But when Jesus saw it, he was indignant and said to them, “Let the children come to me; do not hinder them, for to such belongs the kingdom of God. Truly, I say to you, whoever does not receive the kingdom of God like a child shall not enter it.
Mark 10: 14-15
He stands in front of me on the bed, shirt-tail sticking out, bed head spiky and matted, a little sleep in the corner of his eye. I lean in to pull him close and say goodbye before leaving for work, feeling his small arms wrap around my shoulders as far as they can reach.
“You are a son of God,” I whisper. “He has called you his child, and wherever you go, his thoughts toward you are precious.”
He pats my shoulder once, and I can feel him smile. “I know, Daddy,” he says matter-of-factly. “I know that.”
We pull away, and he beams at me. I believe him when he says he knows; in fact, he’s never really doubted it. Praise God for that! I pray that after all the spelling tests and math quizzes, recess games of wall ball and bedtime stories, after the lamp is switched off, he carries these words with him like a smooth stone in his pocket on which is written his true name, the one written in the eternal world, where the truth about him is shining and visible.
But what about me?
That morning, I drove to work in the blue pre-dawn light. I had on the new Andrew Peterson album, the first track. The sun was just breaking over the fields of mown corn, and I found myself haunted by the contrast between my son’s blithe, smiling answer and the thoughts which swirled around me in the driver’s seat: the promises unkept and things undone piling up like stacks and stacks of failure I carry around as a father, a husband, a son, a brother, a writer, and a friend.

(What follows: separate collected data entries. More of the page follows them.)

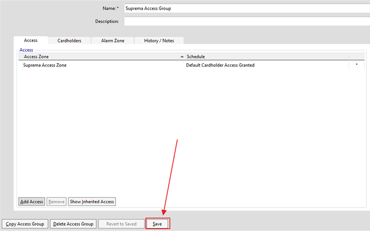 After clicking New Access Group button, a pop-up will be opened as shown below image set the Name as Suprema Access Group and click on the Close button then a pop-up will be closed.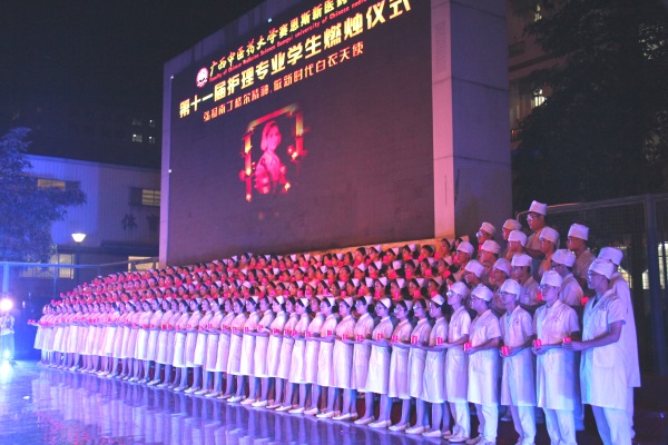 在庄严而又激动人心的音乐声中,学院领导班子以及嘉宾共同为179名同学授帽,她们为护生们戴上象征圣洁的燕尾帽,点燃了象征南丁格尔手中那盏明灯的红烛。同学们在南丁格尔像前庄严宣誓,她们立誓将用爱去守护生命,用行动去践行南丁格尔誓言。在一声声宣誓中,感受到她们对护理事业的那份忠诚与热爱。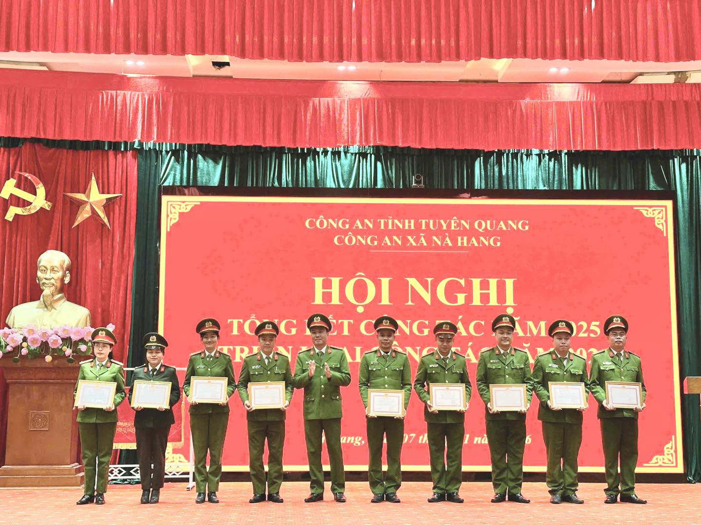 Ghi nhận kết quả của Công an xã Nà Hang trong việc triển khai thực hiện nhiệm vụ năm 2025, đồng chí Đại tá Hoàng Trọng Vỹ, Ủy viên Ban Chấp hành Đảng bộ, Phó Giám đốc Công an tỉnh đề nghị Công an xã Nà Hang tiếp tục nâng cao chất lượng công tác tham mưu, nắm chắc tình hình địa bàn; đấu tranh có hiệu quả với các loại tội phạm; bảo đảm an ninh trật tự phục vụ Đại hội Đảng toàn quốc lần thứ XIV và các sự kiện chính trị quan trọng. Đồng thời, Công an xã cần đẩy mạnh ứng dụng chuyển đổi số trong công tác; làm tốt công tác quản lý người nước ngoài; phòng chống buôn lậu, hàng giả, pháo nổ; góp phần giữ vững an ninh trật tự, tạo điều kiện để Nhân dân vui Xuân, đón Tết an toàn, bình yên.

The song reached its climax, and the words spilled out of the speakers and filled the silent car: “I had a dream that I was waking at the burning edge of dawn, and I could finally believe the king has loved me all along.” By the time the song finished, I was weeping for this blessed reminder.

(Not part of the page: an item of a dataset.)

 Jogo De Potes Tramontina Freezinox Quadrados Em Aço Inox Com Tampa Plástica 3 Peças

Does it seem like so much of life is spent battling the shadows and the darkness? Even when life with children is filled with so much light – picnics and read-alouds, paintings on the refrigerator and backyard silliness – the night falls, I lay my head on the pillow and I’m haunted by all that is left un-done. Every field I’ve been given to tend is growing weeds, and try as I might, I can’t pull them all fast enough. It’s never enough.
“I had a dream that I was waking at the burning edge of dawn, and I could finally believe the king has loved me all along.”
“Kingdom come” means so many things, but perhaps most precious of all is that my faith will become eyes, and I will finally accept, like my son, that I am loved by the King. His thoughts are precious to me. He waits at the end of the road for me to return again and again, and when he sees me, he hoists his tunic to his knees and races toward me. Then, improbably, he throws a feast, hugs me, clothes me, celebrates me.
Maybe this is what it means to receive the Kingdom of God like a child – to lay aside the wounds of guilt and the broken arrows lodged in my soul, and come to my father with bed head and a little sleep in my eye, throw my arms around his shoulder and listen as he whispers to me again my true name.
May my home be a place that proclaims this truth, as much for myself as for my family:
You are a child of God. He has called you his own, and wherever you go, his thoughts are precious to you.